Other opponents said that before passing such a bill, the General Assembly should wait to see how well a 1995 law is working. The law makes a .10 blood alcohol reading automatic proof of intoxication.

But Del. Nancy Jacobs, a Harford County Republican who supported the bill, said she took part in an experiment sponsored by Mothers Against Drunk Driving in which she drank enough alcohol to reach the 0.07 level under which a Maryland driver is considered impaired.

"I was definitely intoxicated," she said, contending that such a law would have made people more aware of how many drinks they had.

After the vote, advocates who testified for the bill said it was only a matter of time before the General Assembly approves the measure.

"It's obvious that people in the United States are fed up," said Jan Withers, an Upper Marlboro woman whose 15-year-old daughter was killed by a drunken driver.
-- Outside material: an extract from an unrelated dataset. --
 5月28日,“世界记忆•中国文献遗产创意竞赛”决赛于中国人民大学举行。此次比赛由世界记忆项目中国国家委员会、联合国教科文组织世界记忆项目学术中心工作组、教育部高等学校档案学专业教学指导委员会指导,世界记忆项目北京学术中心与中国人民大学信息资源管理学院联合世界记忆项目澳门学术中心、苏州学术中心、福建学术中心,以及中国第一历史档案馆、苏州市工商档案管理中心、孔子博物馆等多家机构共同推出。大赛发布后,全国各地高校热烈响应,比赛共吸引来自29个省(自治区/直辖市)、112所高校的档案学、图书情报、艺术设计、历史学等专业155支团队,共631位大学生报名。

She said the 0.08 standard is "obviously a trend happening across the country. I hope it's an eventuality here."

A similar bill received a hearing in the Senate Judicial Proceedings Committee but has not come up for a vote. With the House on record against the measure, it is uncertain whether the Senate panel will take further action.

Opponents of the bill included the Restaurant Association of Maryland, a powerful trade association that contended proponents wouldn't be happy until alcohol is banned.

Under Maryland law, the penalty for a first conviction for driving while intoxicated is a $1,000 fine, a year in jail or both. A first conviction for driving under the influence of alcohol can result in a $500 fine, up to a year in jail or both.

Either charge also can lead to the suspension of the offender's Maryland driver's license.

Besides Montague and Dembrow, delegates who voted against the bill were Rushern L. Baker III, D-Prince George's; Phillip D. Bissett, R-Anne Arundel; Emmett C. Burns Jr., D-Baltimore County; Michael G. Comeau, D-Harford; Ann Marie Doory, D-Baltimore; Thomas E. Hutchins, R-Charles; Donald E. Murphy, R-Baltimore County; Anthony J. O'Donnell, R-Calvert; and David M. Valderrama, D-Prince George's.

In addition to Genn and Jacobs, the legislation was supported by Michael W. Burns, R-Anne Arundel; Mary A. Conroy, D-Prince George's; Sharon M. Grosfeld, D-Montgomery; Pauline H. Menes, Prince George's; Timothy D. Murphy, D-Baltimore; Marsha G. Perry, D-Anne Arundel; Carol S. Petzold, D-Montgomery; and Frank S. Turner, D-Howard.

Committee Chairman Joseph F. Vallario Jr., a Prince George's Democrat, did not vote but is on record opposing federal legislation that would prod the states to adopt the .08 limit.